One day before the Aličić family of Živinice were to leave on a trip to the seaside, their 6 ½-year-old daughter Alma complained of a headache and vomited. Instead of Orebić they ended up at the Communicable Disease Clinic in Tuzla terrified as doctors treated her for viral meningitis.
She got better, but the Šabić family in Zenica was not so lucky.
In July, about a month after 32-year-old Redžo Šabić began working in the same coal mine as his brother he complained of an overpowering headache and exhaustion and began vomiting. In a month he was dead of leptospirosis, an uncommon disease spread by rats.
These two are among the thousands of citizens in Bosnia and Herzegovina affected by outbreaks of infectious diseases since the beginning of this summer. While no country in the world is free of such illnesses, 64,278 BiH citizens, 58 percent more than last year, have been stricken this year. Doctors say they are seeing outbreaks of illnesses that have not hit the country in years – and even worse may be just ahead.
Scientists worldwide, on watch against the potential of a new form of deadly influenza to sweep the globe, are sending up warnings about the growing number of deaths from bird flu. BiH lies directly under the migratory route of the animals that carry these germs.
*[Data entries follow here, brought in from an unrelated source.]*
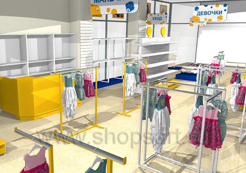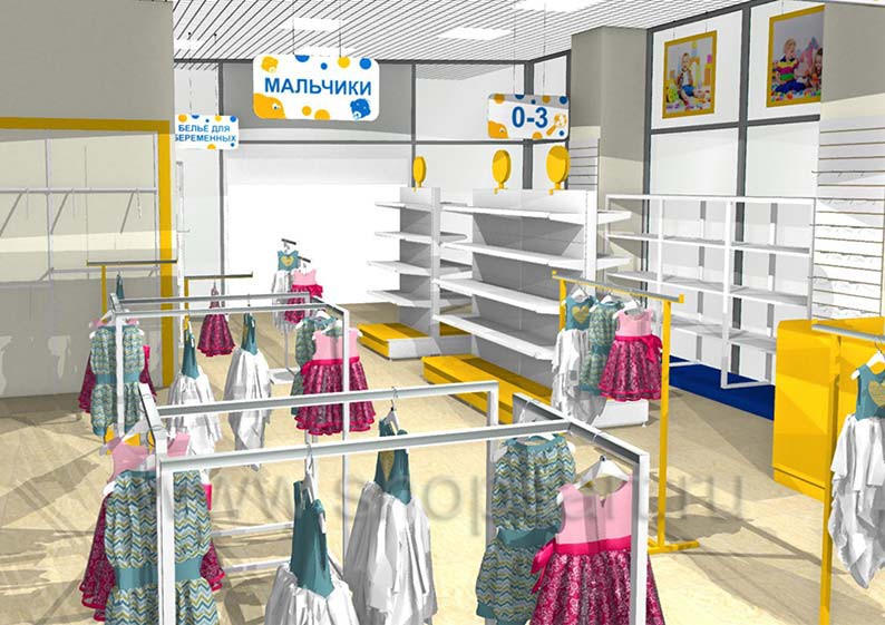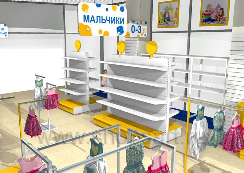Дизайн-проект детского магазина “ЁМАЁ” г. Хабаровск, ТЦ “Броско Молл”, на основе коллекции торгового оборудования “РАДУГА”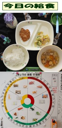 ルーロー飯は、甘辛いしょうゆで煮込んだ豚肉を、ほかほかのご飯にたっぷりかけた〇〇の家庭料理です。屋台やレストランでも定番のメニューとなっています。給食では、いつもと違うブロックの形をした大きめの豚肉を、しょうがや玉ねぎ、たけのこ、にんにく、しいたけと一緒に、オイスターソースなどの調味料で煮込みました。しっかり味のついた肉と野菜をご飯にのせて、ご飯をもりもり食べましょう。(給食委員の昼の放送より)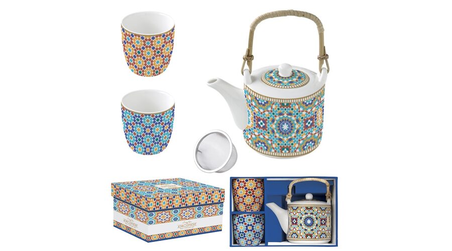 Porcelán teáskanna 600ml, fémszűrővel, 2 porcelánpohárral 160ml, dobozban, Marrakech, Atmosphere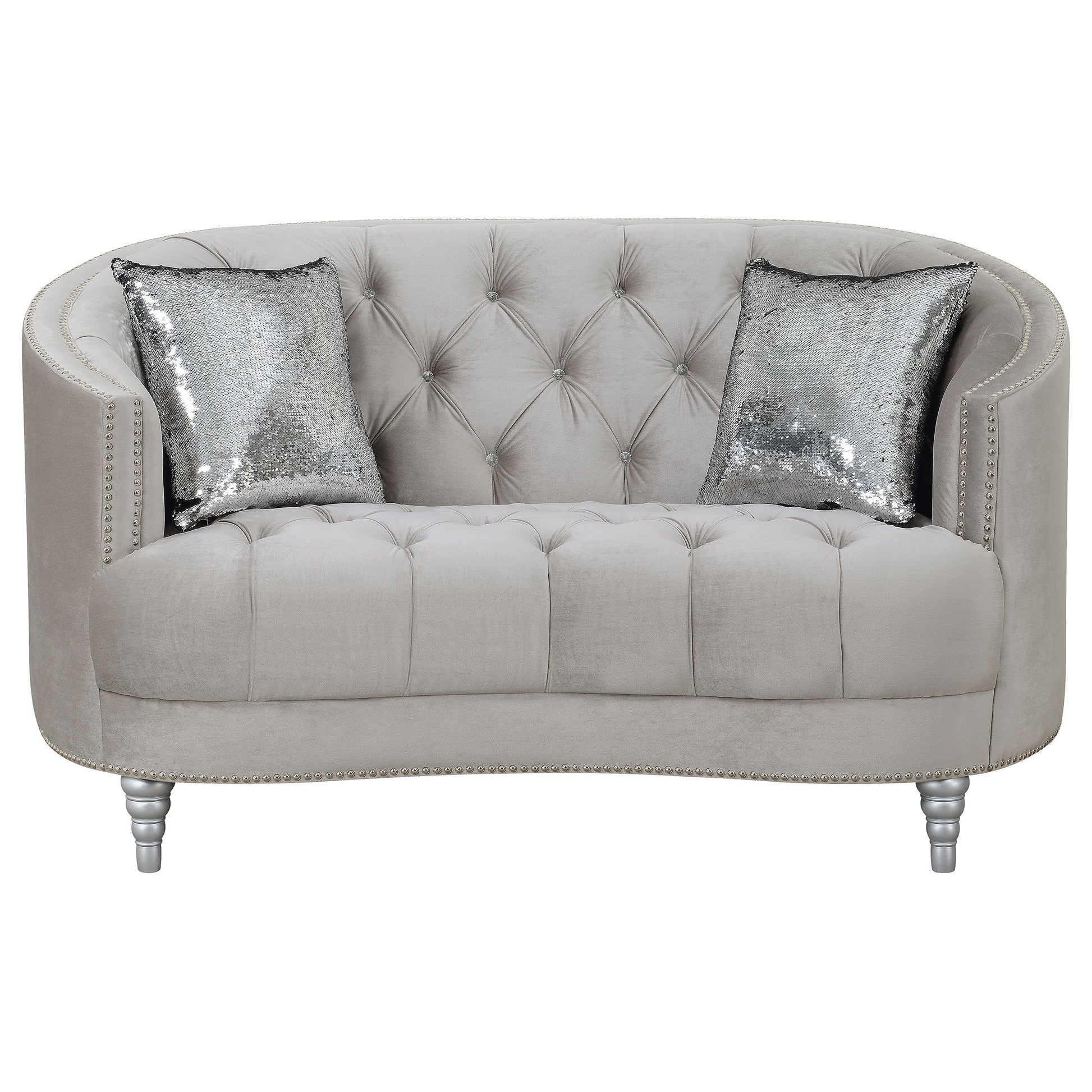 Luce tu elegante estilo con este elegante y sofisticado loveseat. Con una encantadora silueta curva, irradia un gusto refinado y un encanto clásico. Su suave tapizado en gris apagado combina a la perfección con una variedad de paletas de colores. Su hermoso capitoné y sus llamativos ribetes de tachuelas dan vida a su diseño tradicional. Perfecto para una sala de estar o un gran salón, este loveseat es una opción glamurosa.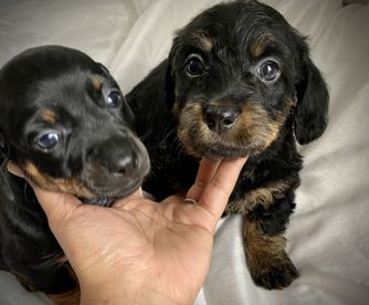 Our puppies include longhaired, smooth, and wirehaired coat varieties. Coat types may vary depending on the parent dogs.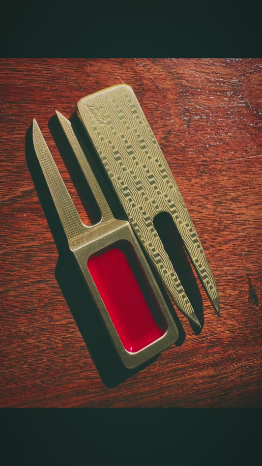 Brass Double Prong Divot Tool w. Clear Pink Fill
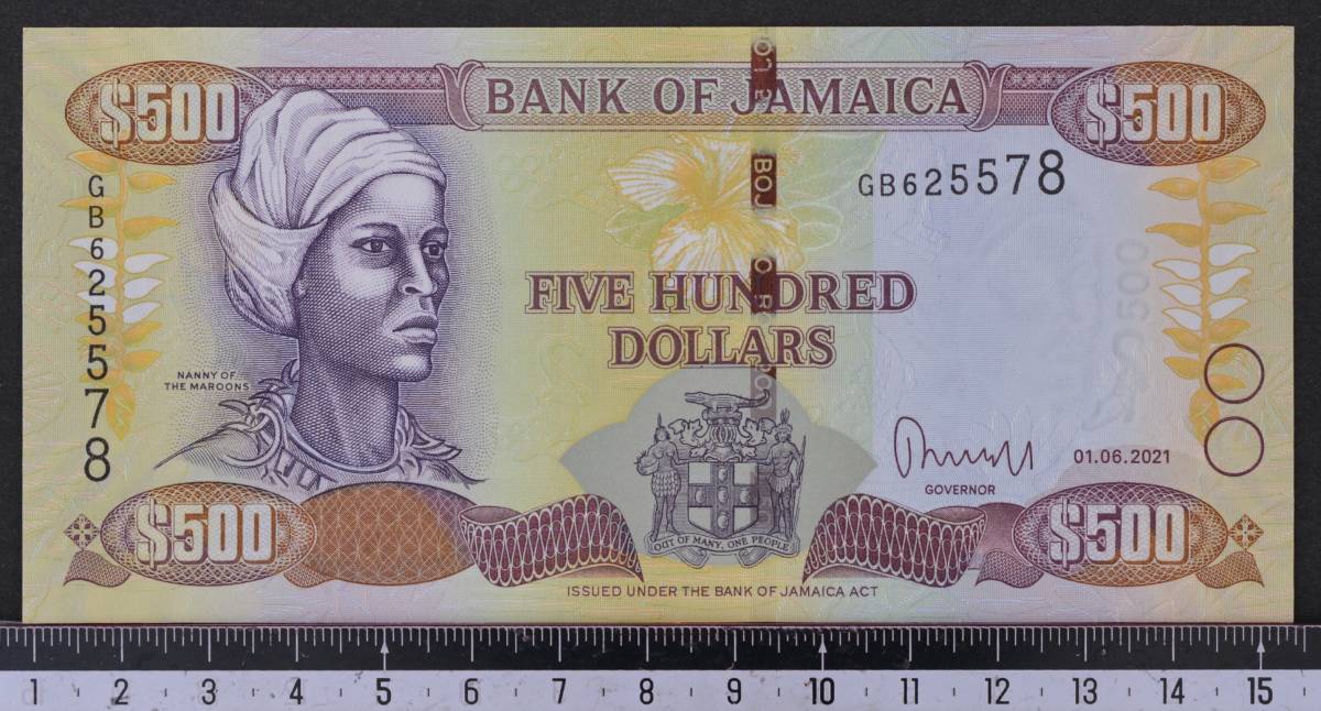 外国紙幣 ジャマイカ 2021年 未使用 500ドル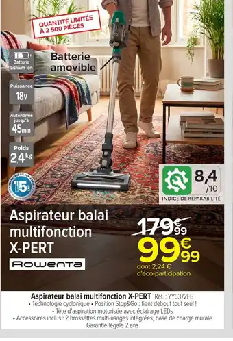 Offre ROWENTA Aspirateur balai multifonction chez Carrefour
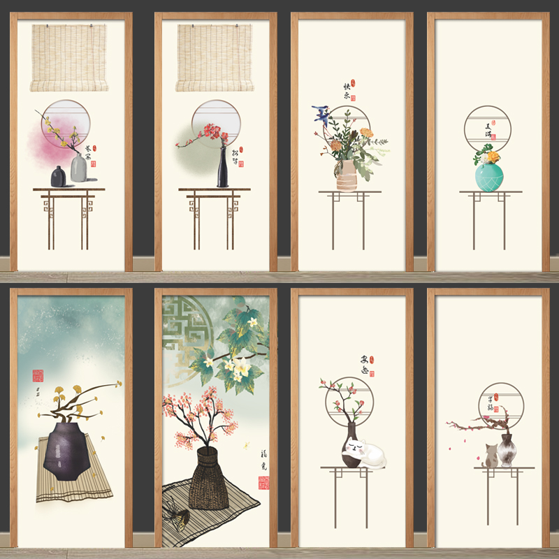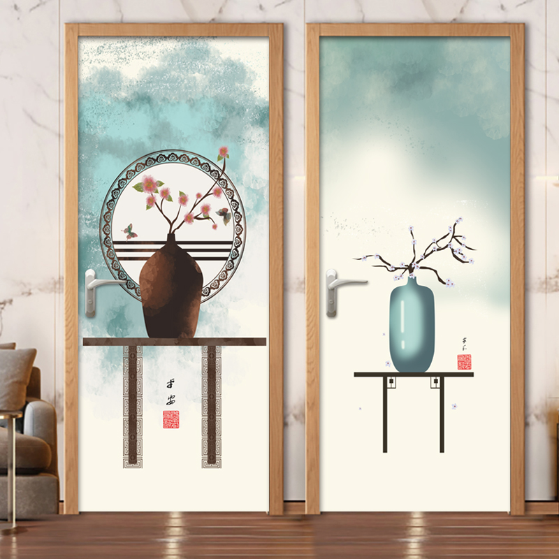 Creative Vase New Chinese Style Door Stickers Whole wooden door Renovated Waterproof Self-Glued Glass Ramen Decoration Sticker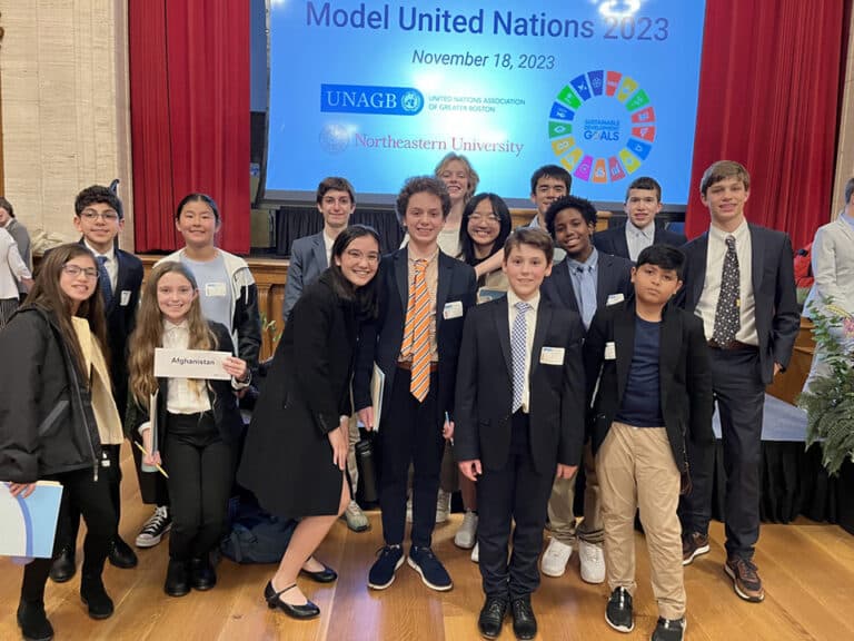 On Saturday, November 18, thirteen Belmont Day middle school students participated in a Model UN Conference at Northeastern University. These students were “delegates” of Brazil, Afghanistan, Albania, the Bahamas, Jamaica, New Zealand, Australia, and Chile. During the middle school clubs period, they worked hard to research their country and the issues they were preparing to discuss. They joined 450 middle school students from many schools around New England as they discussed important world issues and worked to pass resolutions to solve global problems. The issues our students grappled with at this particular conference: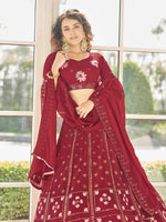 Red Georgette Embroidered Designer Lehenga features a Georgette blouse with micro inner and Georgette lehenga. Embroidery is completed with Thread With Multi Sequince. This Style is made in India and checked by hand to ensure high quality. Only Dry Clean is recommended for Ethinic ethnic wear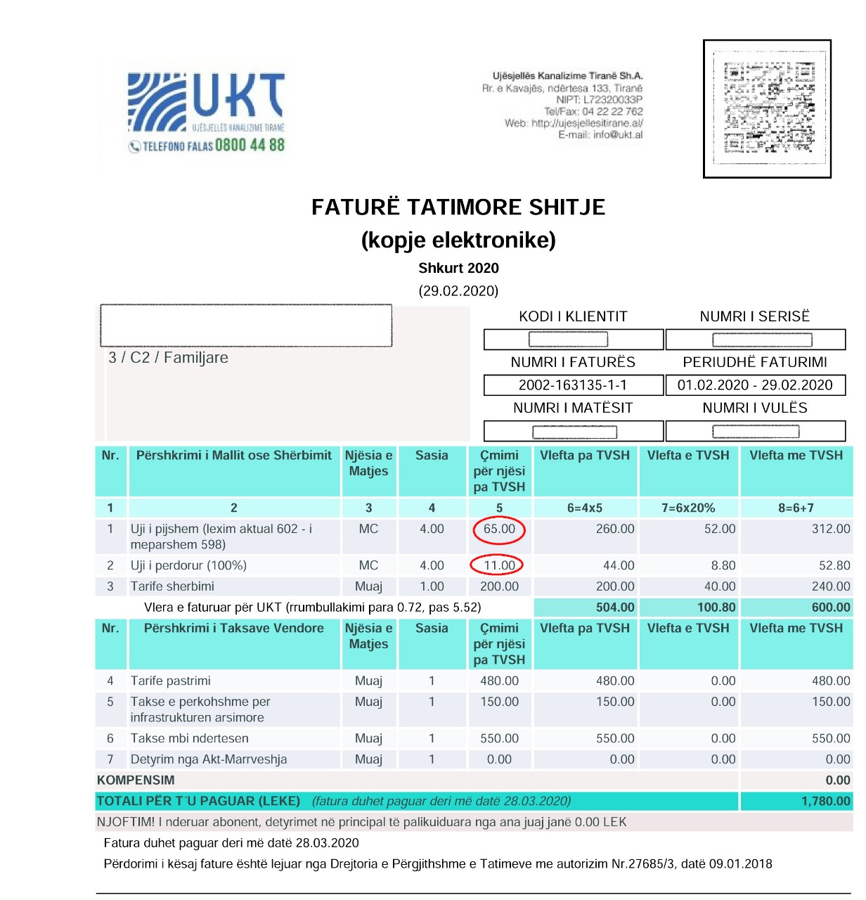 Çdo konsumator familjar, në faturën mujore paguan për ujin e pijshëm dhe trajtimin e ujërave të zeza, të cilat bëjnë shumatoren e çmimit që paguhet çdo muaj. Aktualisht, në Tiranë, çmimi për ujin e pijshëm është 65 lekë/m3 dhe 11 lekë/m3 për ujërat e përdorura (zeza). Pra, në total 76 lekë/m3.
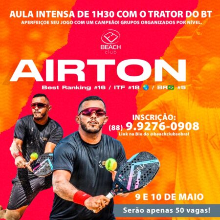 O Beach Club tem uma super novidade para o próximo mês de maio. Nos dias 9 e 10 de maio, o super campeão AIRTON “TRATOR” RODRIGUES, 5° no ranking brasileiro e 16° da ITF, fará uma CLÍNICA EXCLUSIVA, com aulas interativas com dicas muito bacanas para quem quer ser fera nesse esporte.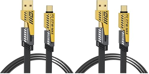 YISH Câble Multi USB 4 en 1 Universel:1.8M Multiple USB Câble Chargeur, Nylon Chargement Câble Charge Rapide avec USB A/USB C vers 65W Type C/27W PD Compatible avec iPhone Samsung Galaxy Macbook iPad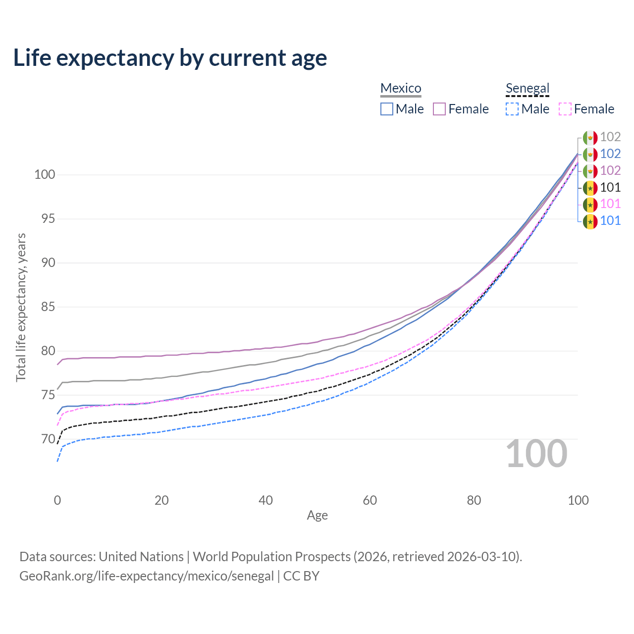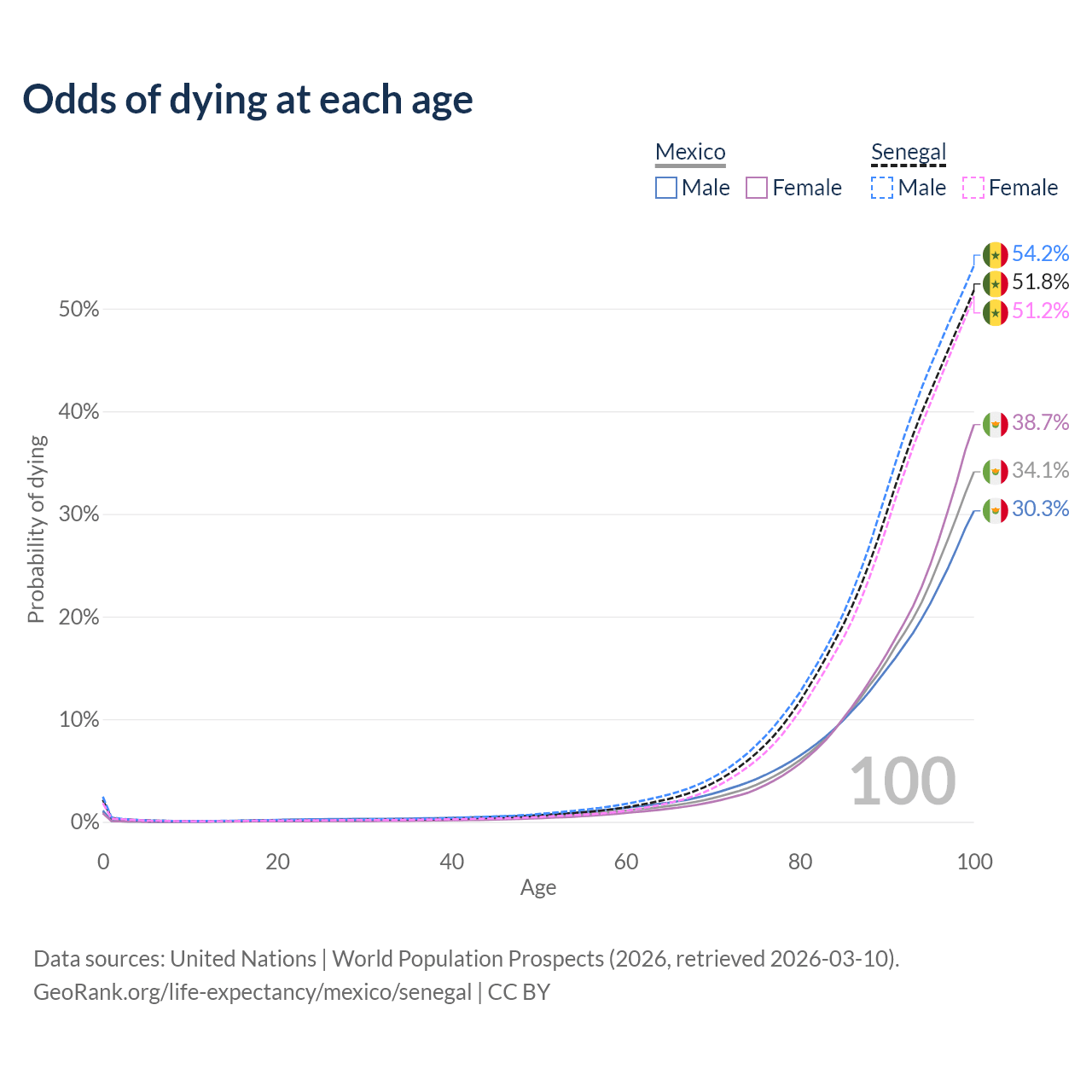 This life expectancy calculator shows the odds of living to 100, 95, 90, and below based on current age for both males and females in Mexico and Senegal, along with mean and median age of death. The calculations are based on the 2026 life tables (actuarial tables) from the UN World Population Prospects.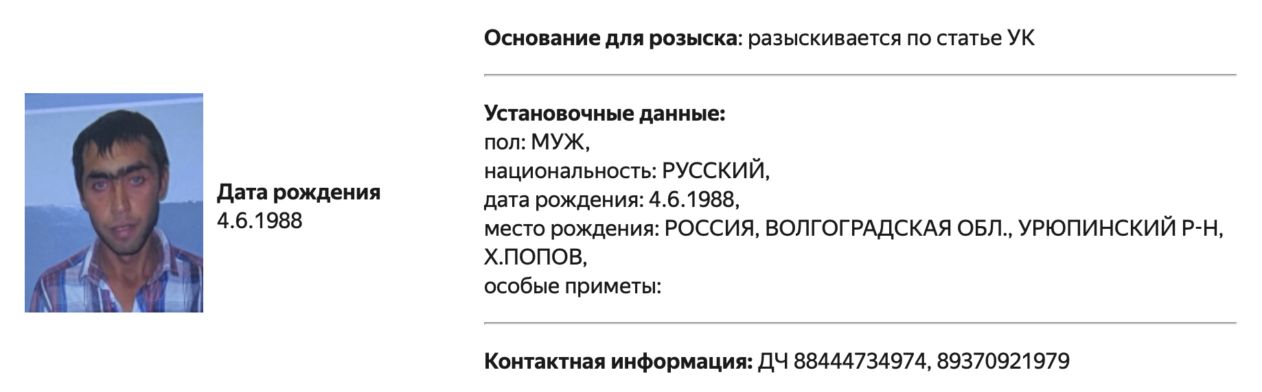 Карточка Алексея Хлебникова из базы федерального розыска МВД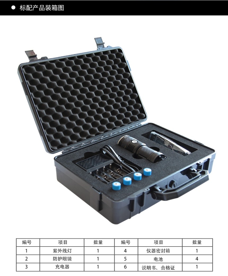 应用范围: 主要用途:荧光渗透检测,荧光磁粉探伤,荧光泄漏检测. 其他适用范围:油污、污渍检测,特种气体、油气管道的检查, 其他物质的荧光反射检测, 刑侦以及法医调查, 纸币鉴定、玉石鉴赏,农业、食品、医疗等其他相关行业。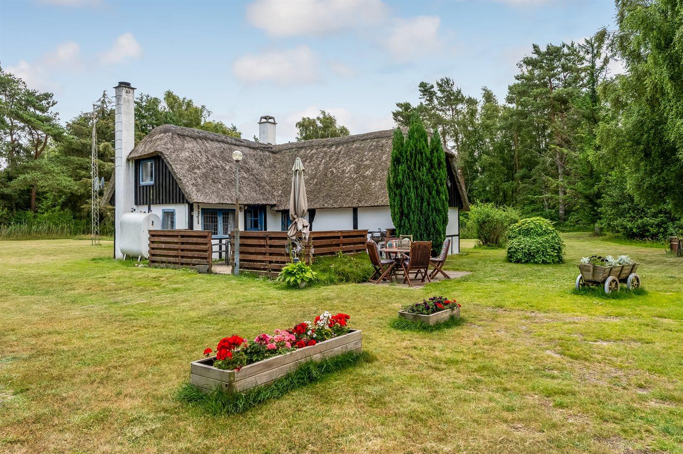 Et charmerende sommerhus med stråtag, beliggende helt ugenert i naturskønne omgivelser, på en stor græsgrund med træer. Der er ikke langt til øens flotte badestrand ”Danzigmann”, skov med mulighed for lange gåture og havnemiljøet.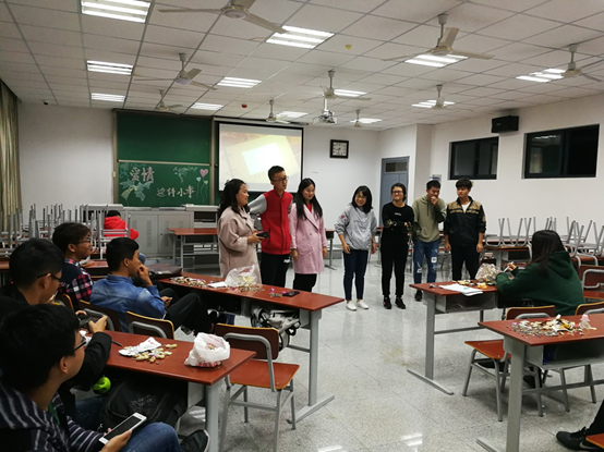 (通讯员 李雅欣 文/图)“我的故事就是这样,希望大家今天也能敞开心扉,真诚的与大家分享自己的故事。”10月15日晚七点,武教b503中,伴随着班导倪沐阳学姐真诚而略带羞涩的恋爱经历讲述,水文21701班主题班会——“爱情这件小事”正式拉开帷幕。班会上,由班导精心准备的“菜园果园动物园”、“007”、“谁是卧底”等游戏大大增强了班会的趣味性、互动性,使每一个同学都乐在其中。每轮游戏结束,更有同学们与大家分享自己对恋爱的憧憬以及曾经的恋爱经历,坦诚的交流增进了同学们对彼此的了解与友谊。班会的最后,班导梁贇学长压轴出场,讲述了自己的恋爱经历,并用一部可以代表自己恋爱心情的歌曲mv作为班会的结尾。

Little has been done to educate citizens about how to protect against the disease or to get ready for the appearance of cases or to prevent that.
‘We are unprepared’ said Marko Radoja, a spokesman at the Clinical Center Banja Luka, flatly. ‘You may not give food, you can clear the water, but you can’t do anything with the air.’
An investigation by the Center for Investigative Reporting in Sarajevo (CIN) last fall revealed overreaching structural problems in the 1 billion KM BiH health care system. The ongoing investigation shows that some of those problems, especially bad coordination among doctors and officials, the lack of adequate diagnostic labs and dangerous animal burial procedures are eroding the response to communicable diseases.
The health system, as with all other government systems, was radically altered by the war a decade ago and not for the better.
Coordination between doctors around the country and public health officials was far better in the past, according to Danica Hlača, a retired virologist from the Sarajevo Institute for Virology with 43 years of experience.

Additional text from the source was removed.